L'histoire d'Irène Frachon,
qu'on la connaisse ou pas, en détails ou dans ses grandes
lignes, c'est celle d'une femme médecin qui parce qu'elle
a des convictions n'hésite pas à mettre à jour
la nuisance mortelle d'un médicament commercialisé
en toute impunité depuis une trentaine d'années. Cela
pourrait être l'occasion d'un véritable film-dossier,
accumulant les faits, s'attachant à une enquête longue
et fastidieuse, montrant comment une entreprise (les laboratoires
Servier) et une institution publique (l'Agence du médicament)
parviennent à nier l'évidence pendant des années.
Cela pourrait être ennuyeux. C'est effectivement un film-dossier,
mais ce n'est pas que cela, et il n'y a pas une seconde d'ennui.

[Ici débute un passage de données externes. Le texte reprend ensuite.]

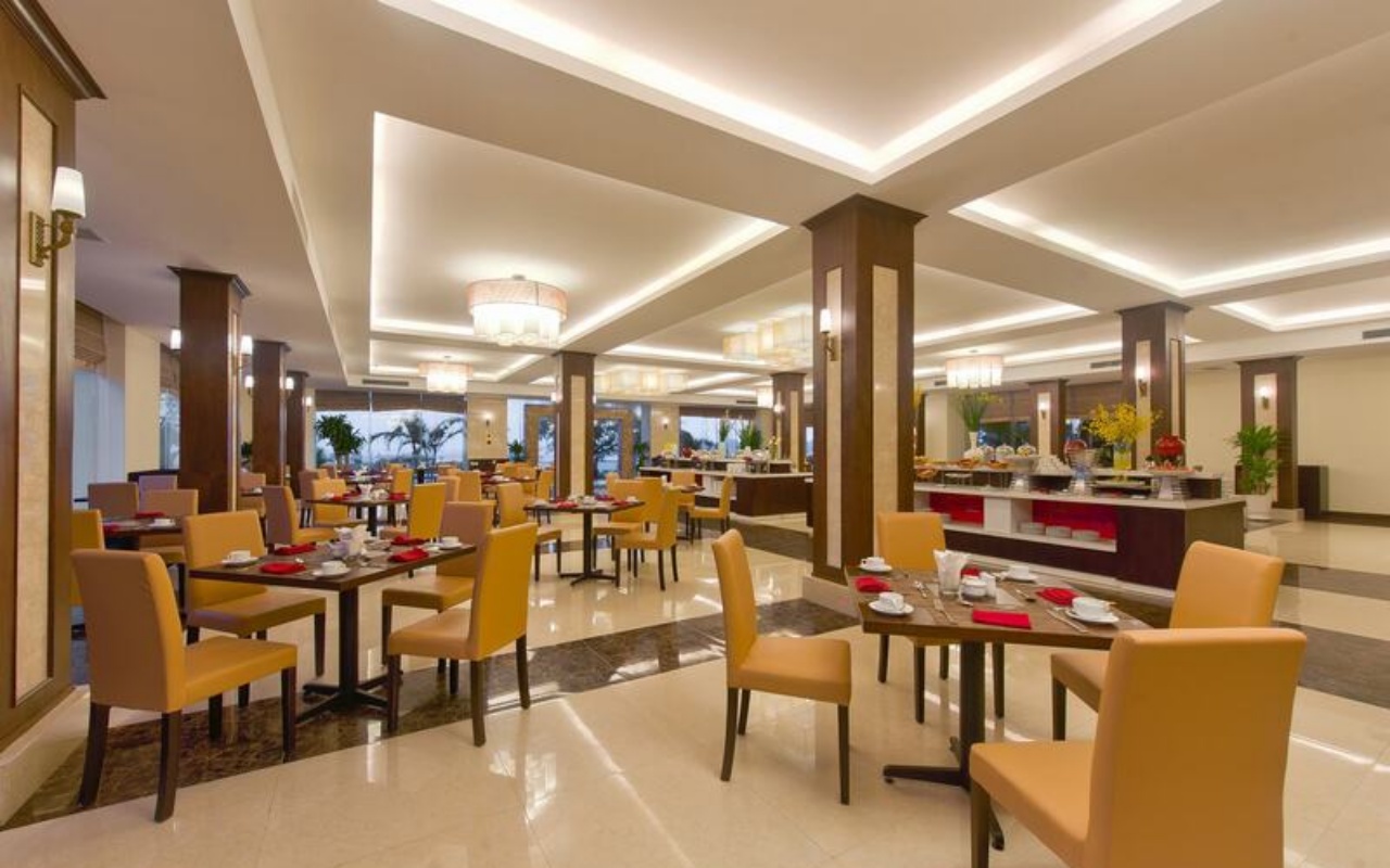 Phục vụ buffet sáng cùng thực đơn Á – Âu đa dạng, đặc biệt là các món hải sản tươi ngon đặc trưng của biển Nhật Lệ. Không gian rộng rãi, phù hợp cho gia đình và sự kiện.

Le récit est celui d'un thriller, avec tout ce que cela comporte,
se basant sur les différentes étapes du processus
de mise en lumière d'un scandale énorme (plus de 500
morts, tout de même…), les personnages sont hauts en
couleurs, il y a des acharnés, des qui se découragent,
quelques affreux aussi (mais pas Servier lui-même). C'est
donc terriblement prenant, mais ça n'est pas que cela. Emmanuelle
Bercot montre encore, après la Bettie de Elle
s'en va et la juge de La
tête haute, un personnage féminin qui lutte avec
ses moyens, avec les aléas de sa propre vie, pour qu'une
petite partie du monde s'améliore. Elle a des doutes, Irène
Frachon, des emportements, elle fait des erreurs, se trompe, mais
n'abandonne jamais. C'est une femme magnifique, elle fait certes
partie de ceux qu'on appelle des lanceurs d'alerte, mais elle est
aussi une simple citoyenne en qui on peut s'identifier, elle a une
famille et des amis comme un peu tout le monde, elle rigole, fait
la clown, s'écroule, se relève. Sidse Babett Knudsen,
qui l'interprète dans le film, s'est inspirée semble-t-il
de son énergie, de sa vitalité, de son humanité,
et qu'est-ce que ça fait du bien ! On sort de la projection
plutôt effaré par l'ignominie qui se dégage
de la politique commerciale des laboratoires mais aussi très
regonflés par la personnalité de l'héroïne,
non pas une sainte, non, mais une humaniste contemporaine.